:: INPUT FOR THIS TASK ::
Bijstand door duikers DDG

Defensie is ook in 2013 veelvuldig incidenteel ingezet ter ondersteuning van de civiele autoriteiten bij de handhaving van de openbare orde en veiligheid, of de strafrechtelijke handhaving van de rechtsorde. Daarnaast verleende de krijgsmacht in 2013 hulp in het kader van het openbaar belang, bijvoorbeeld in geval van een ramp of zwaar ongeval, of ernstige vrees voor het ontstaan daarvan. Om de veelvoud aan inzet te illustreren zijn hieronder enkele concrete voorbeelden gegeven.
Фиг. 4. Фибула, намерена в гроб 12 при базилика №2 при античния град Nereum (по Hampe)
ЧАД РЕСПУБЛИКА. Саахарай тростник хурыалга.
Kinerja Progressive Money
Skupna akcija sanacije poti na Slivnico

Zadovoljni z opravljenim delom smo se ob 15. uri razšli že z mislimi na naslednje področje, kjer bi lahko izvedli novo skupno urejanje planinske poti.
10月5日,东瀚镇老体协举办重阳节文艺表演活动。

==

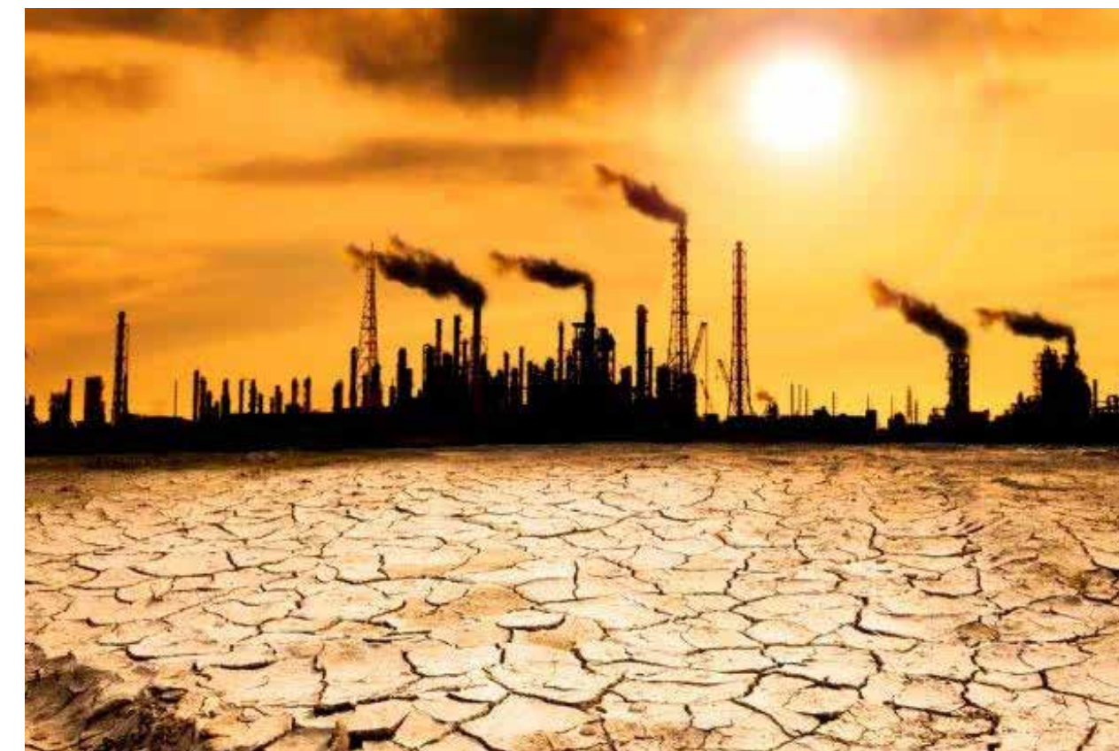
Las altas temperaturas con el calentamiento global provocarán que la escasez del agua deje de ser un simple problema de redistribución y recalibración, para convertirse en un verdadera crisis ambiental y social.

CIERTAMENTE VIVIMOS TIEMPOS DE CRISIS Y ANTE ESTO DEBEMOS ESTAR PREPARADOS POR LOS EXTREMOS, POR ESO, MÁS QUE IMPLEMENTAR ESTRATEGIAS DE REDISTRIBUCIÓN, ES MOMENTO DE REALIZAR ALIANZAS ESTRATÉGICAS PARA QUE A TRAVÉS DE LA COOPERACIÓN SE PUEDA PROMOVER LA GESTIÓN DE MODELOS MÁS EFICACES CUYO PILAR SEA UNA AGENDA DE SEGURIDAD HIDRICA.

:: TASK DIRECTIONS ::
Give an exact copy of the lines above from the line with "Bijstand door duikers DDG" up to and including the line with "10月5日,东瀚镇老体协举办重阳节文艺表演活动。", and leave everything else out.

:: OUTPUT ::
Bijstand door duikers DDG

Defensie is ook in 2013 veelvuldig incidenteel ingezet ter ondersteuning van de civiele autoriteiten bij de handhaving van de openbare orde en veiligheid, of de strafrechtelijke handhaving van de rechtsorde. Daarnaast verleende de krijgsmacht in 2013 hulp in het kader van het openbaar belang, bijvoorbeeld in geval van een ramp of zwaar ongeval, of ernstige vrees voor het ontstaan daarvan. Om de veelvoud aan inzet te illustreren zijn hieronder enkele concrete voorbeelden gegeven.
Фиг. 4. Фибула, намерена в гроб 12 при базилика №2 при античния град Nereum (по Hampe)
ЧАД РЕСПУБЛИКА. Саахарай тростник хурыалга.
Kinerja Progressive Money
Skupna akcija sanacije poti na Slivnico

Zadovoljni z opravljenim delom smo se ob 15. uri razšli že z mislimi na naslednje področje, kjer bi lahko izvedli novo skupno urejanje planinske poti.
10月5日,东瀚镇老体协举办重阳节文艺表演活动。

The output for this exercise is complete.